Me, I’m personally not too worried about it. This is the Aroldis Chapman that we’ve become used to as Yankees fans over the past few years. There is almost always a period each season where Chapman becomes incredibly vulnerable and gets hit hard.
He’ll bounce back. The question isn’t if, but when. (And how that may affect trade value.)
What I’d Do and What the Yankees Will Do:
A month ago, Aroldis Chapman was an obvious player and pick to make the All-Star team. Now there is a lot more hesitation about that happening, which goes to show the fickle and very nature of being a relief pitcher. Especially one who pitches mostly in tough and stressful situations to cement victories on repeat.
However, I don’t think that this recent implosion (while bad) is necessarily that damaging to his trade value. This is because only so many teams will be willing to take on a relief pitcher with $17 Million due for the 2022 season. Of them you’d truly only have the high-profile, big market teams that would likely create a market for Chapman: The Los Angeles Dodgers, The San Francisco Giants, the Boston Red Sox, The San Diego Padres, and maybe even the New York Mets.

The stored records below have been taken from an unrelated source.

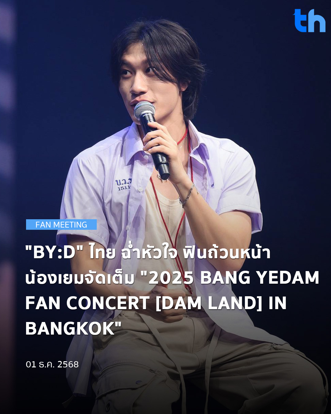 หนุ่ม “บัง เยดัม” สมมงไม่เกินจริง จัดเต็มสุด ๆ ทำเอา BY:D ไทย ฉ่ำหัวใจ ฟินถ้วนหน้า กับงาน “2025 BANG YEDAM FAN CONCERT [DAM LAND] IN BANGKOK” เมื่อวันที่ 15-16 พฤศจิกายน 2568 ที่ผ่านมา ณ โรงละครเคแบงก์สยามพิฆเนศ สยามสแควร์วัน
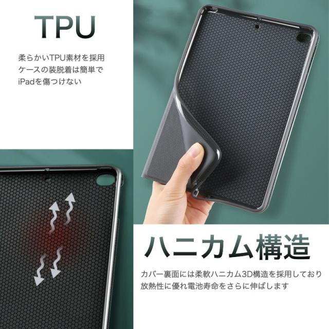 【携帯便利】超軽量、超薄型を備えたスマートケース、大切なタブレットをキズや衝撃から守ると同時にファッションを感じさせられます。薄型超軽量仕様ですので、厚めのケースと比較すると見た目のスマートさが際立ちます。手に持っても重さを感じることがありません。【科学的なデザイン】開口部が精確的ですべての機能へ自由にアクセスできます(カメラ、スピーカー、ポートなど)。スタンド機能が付きなので、横向きに立てかけて、動画視聴、ゲームなどに便利です。オートスリープ/ウェイクに対応します;マグネットによりカバーの開閉も容易です。【上質素材】ipad レザーケースは、上質な無害なレザーとやわらかなTPUインナーシェルを採用。 それは耐久性があり、タブレットを損傷することなく指紋や落下を防ぐことができます。 手元のデバイスを重視する方や、傷やほこりを付けたくない方に適しています。素材・PUレザー・TPU(ソフト素材)注意●タッチペンは付属しません。
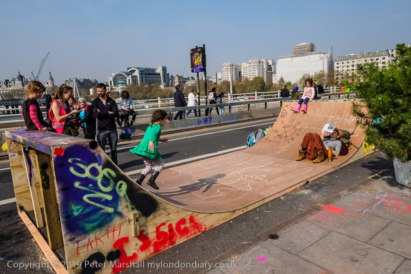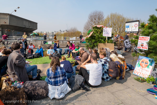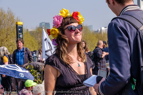 A journalist interviews one of the campaigners on the bridge
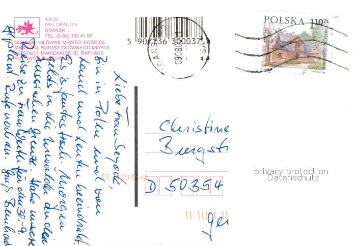alte Postkarte Gdansk Altstadt Marienkirche Rathaus postalisch gelaufen Erhaltung siehe scans [KathaD79]
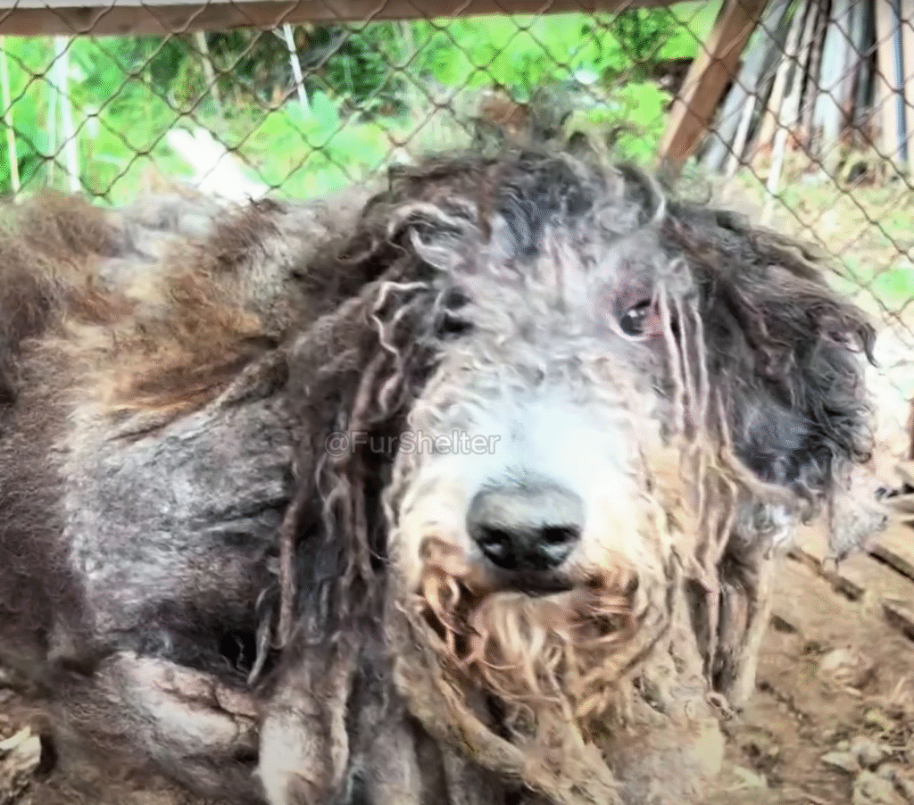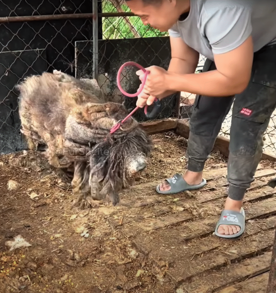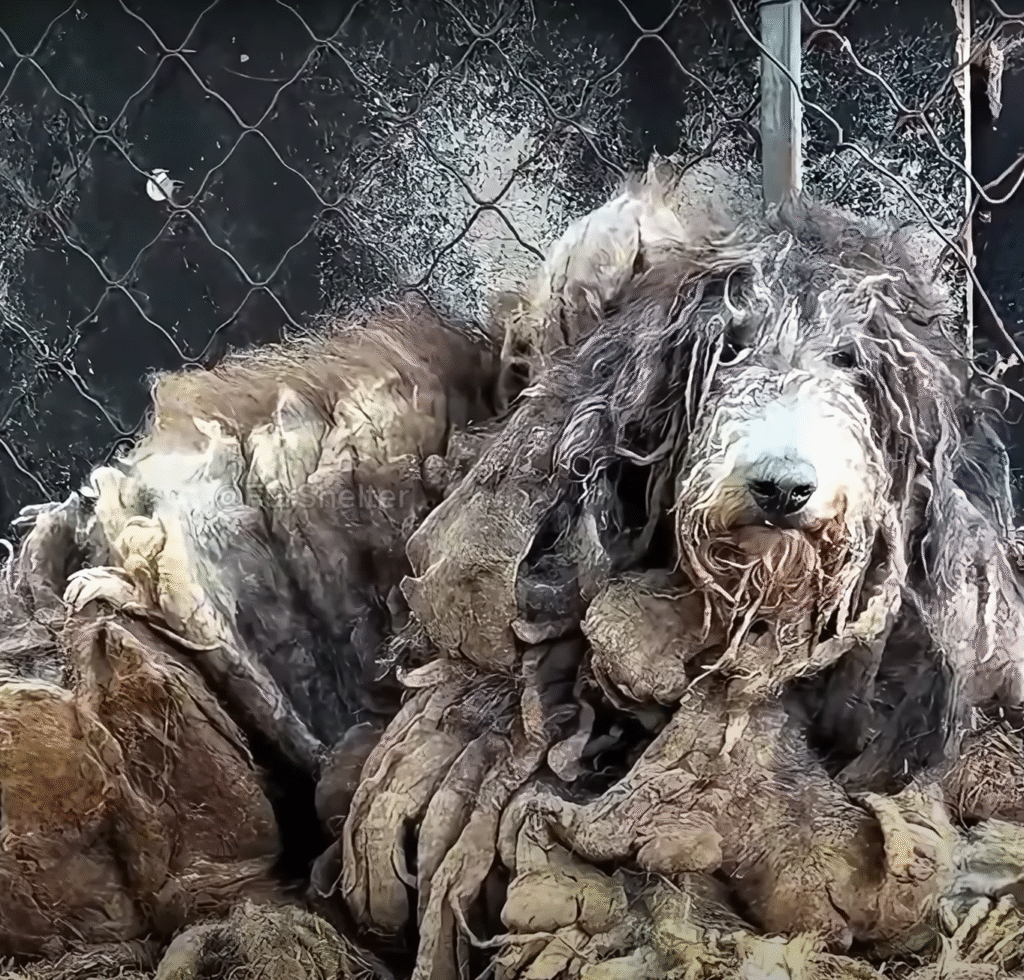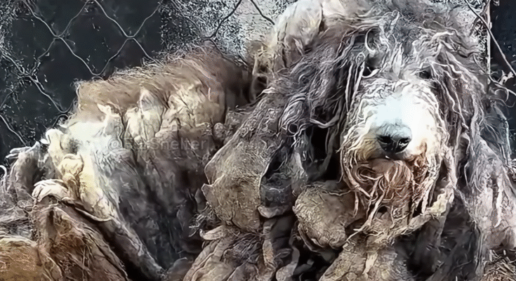 Four years. Four long, endless years. That’s how long Rocky had spent locked in a tiny, rusty cage in the corner of a dilapidated backyard, hidden behind overgrown weeds and forgotten by the humans who had once promised to love him. His fur, once a golden shade of sunshine, had dulled to a grimy brown, tangled and matted from neglect. His eyes, filled with a spark of life as a puppy, had grown hollow, clouded by years of hunger, loneliness, and despair. Rocky had known warmth, but for the better part of four years, all he had known was suffering.
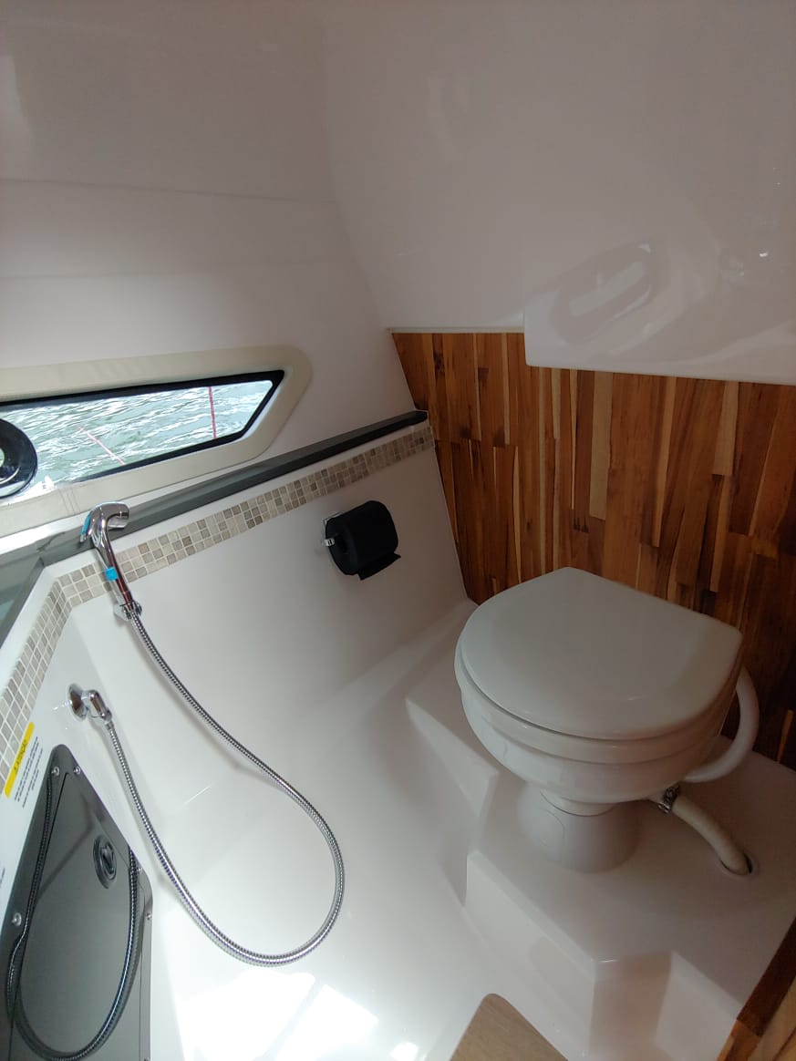 O cockpit amplo e sem degrau de entrada traz layout tradicional com sofás em L, mesa rebatível em teca, vasto espaço de armazenamento, porta-copos e posto de comando com banco duplo para piloto e copiloto. Tudo protegido por um hardtop em fibra, que compõe o design do barco.
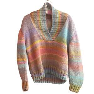 Gorgeous Handknit Pastel Rainbow Knit Sweater XS/S
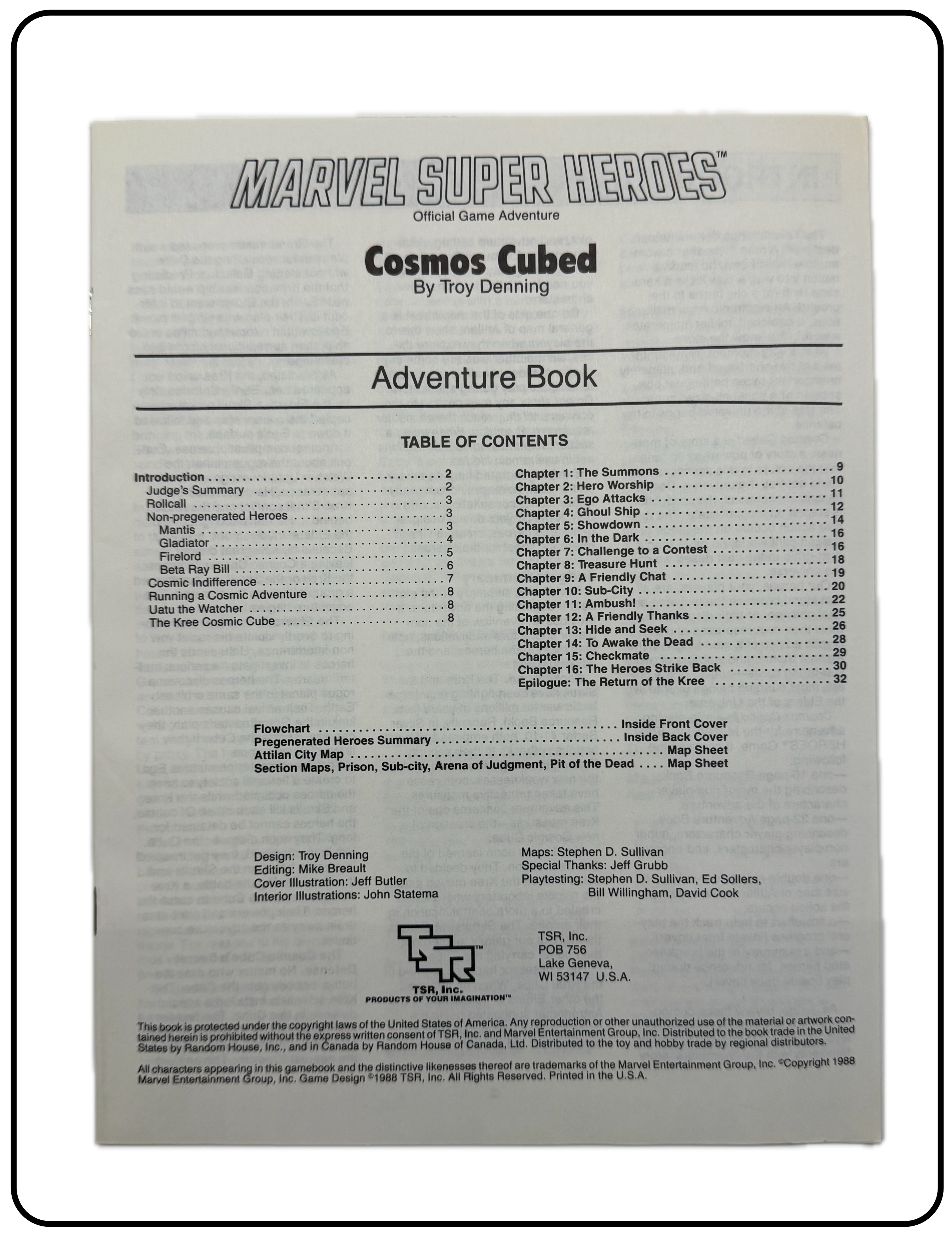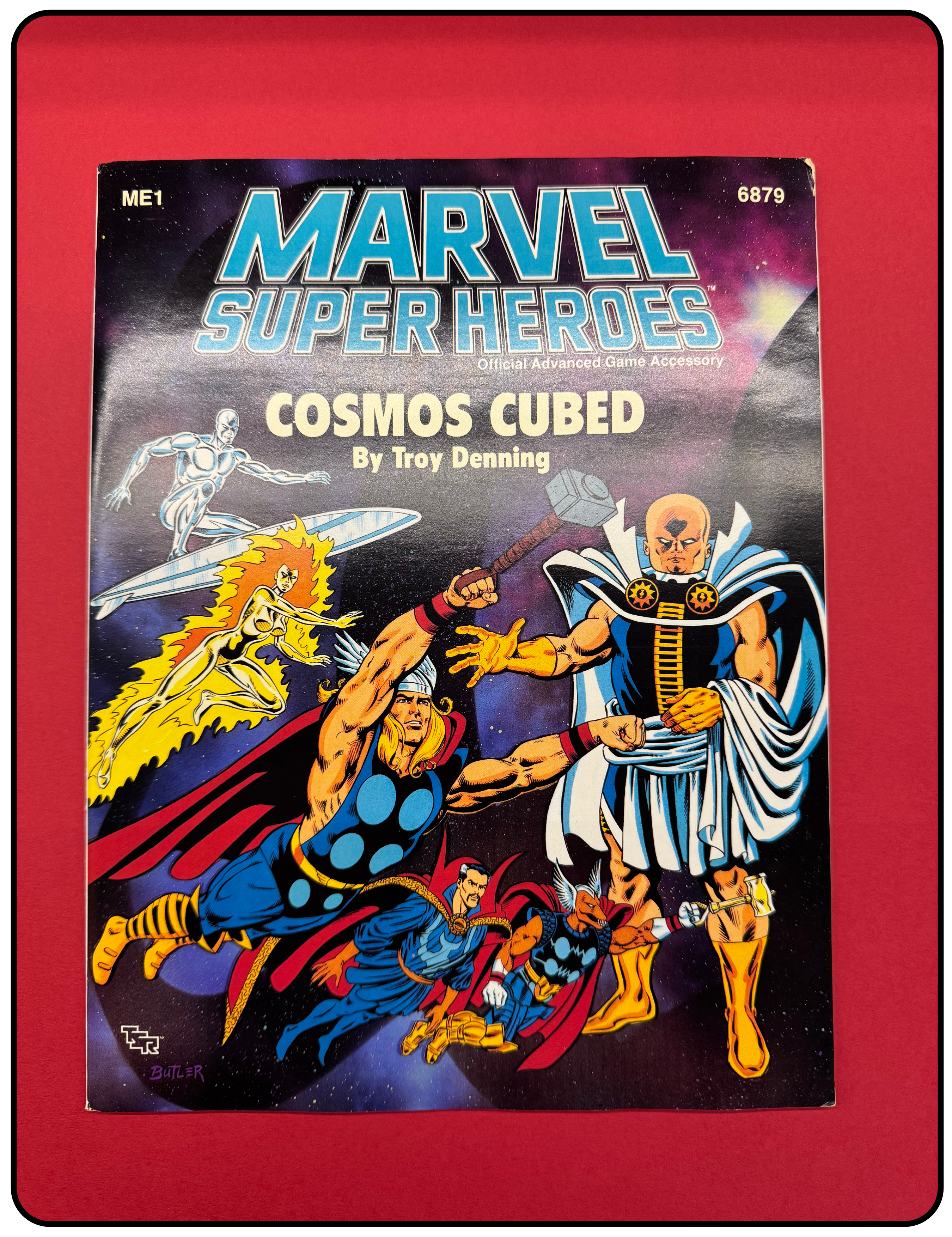 |  | Name: Marvel Super Heroes Cosmos Cubed Company: TSR, Inc. Type: Adventure / Advanced Accessory Year: 1988 Catalog Number: 07:03:00:0008:C21 Main Category: Games Sub Category: Role-playing Games Secondary Category: None Details: This is an adventure/module by Troy Denning for the Marvel Super Heroes role-play game. It is designed for cosmically powered super heroes like Dr. Strange, Thor, Silver Surfer, etc. The Watcher has assembled some of the most powerful super heroes and sent on a mission to a faraway planet where they discover a secret that threatens the very universe! It includes an Adventure Book, Resource Book and a large foldout section with several maps. |
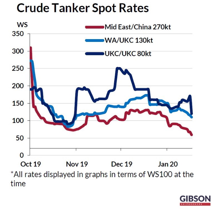 Gibson added that “so, if 2019 was a positive year, what of 2020? The fundamentals for another positive year looked to be in place with a positive reaction to the US-China phase one trade deal, where China agreed to buy $200 billion worth of US goods and services, of which $52 billion in energy purchases. This could re-open the emerging tanker trades between the two countries, with potentially positive impact for the tanker sector. But for the present all crude sectors are already recalibrating sharply lower and there are also some very dark clouds on the horizon for the tanker market. The current situation with the Coronavirus has seen many flights to China discontinued until further notice, could this also happen within the tanker sector? The re-emergence of the COSCO Dalian vessels being could be detrimental to tanker earnings going forward. Also, there is much uncertainty over decarbonisation regulations which seems to be curbing newbuilding orders. The flip side to this could be that the low volume of vessel ordering in 2019 has provided a period of controlled fleet growth, which if continued could bring better fundamentals for tanker earnings”, the shipbroker concluded.
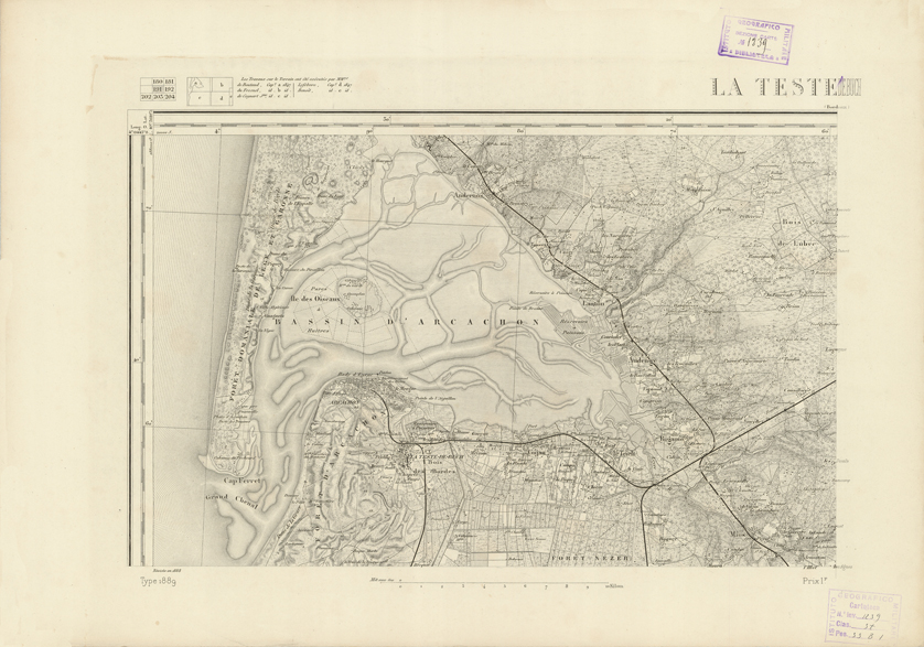 "Paris. - Service Géograèhique de l'Armée, 1889. Ebbe origine dall'Edizione zincografica in quarti di foglio, stabilita fino dal 1879, per la Carta detta de "L'etat-Major". Infatti non rispondendo più il sistema della riproduzione zincografica alle esigenze che la revisione dei fogli imponeva per un inevitabile logoramento dei rami originali, fu proposta dapprima la correzione degli zinchi, ma questo, importando un lavoro lungo e gravoso, si adottò il procedimento galvanico. I rami galvanici ottenuti e corretti secondo questo sistema presero il nome di "édition type 1889". Allo scopo di facilitare l'incisione fu adoperata la suddivisione in quarti di foglio come per l'edizione zincografica. la revisione dei fogli di questo tipo nnn fu iniziata che nel 1893. Dal catalogo del S.G.A. risultano mancanti a questa edizione i dipartimenti della "Moselle", del "Bas-Rhin" e del "Haut-Rhin" per le quali non esiste che una edizione in fogli interi aggiornata nel 1901."

Each of these teams could use Chapman. Well, really, every team could given his ERA is better than the best team bullpen ERA in the MLB (Chicago Cubs at 2.67). So, there could be a market. Though, the most important factor would be Chapman himself as he has a complete no-trade clause in his contract.
However, I can’t see a pitcher like Chapman- somebody who knows the glamour and intensity and pressure of not only the World Series, but Game 7, in the 9th inning- would want to stick with a middling Yankees team if he was offered to be traded to a true contender.
What would I do? 100% I would shop Aroldis Chapman around.
It would net the Yankees back good prospects, it would open up payroll and it is unlikely the Yankees are serious contenders or need a player like Chapman hanging around this team for 2021 (and likely also 2022 given how things have gone).
But, the Yankees won’t trade him. They’ll hold him around to keep as a closer for 2022 in a year where they’ll be “going for it” again with another similarly built team with many holes to repair and too much money held up that could better be used elsewhere.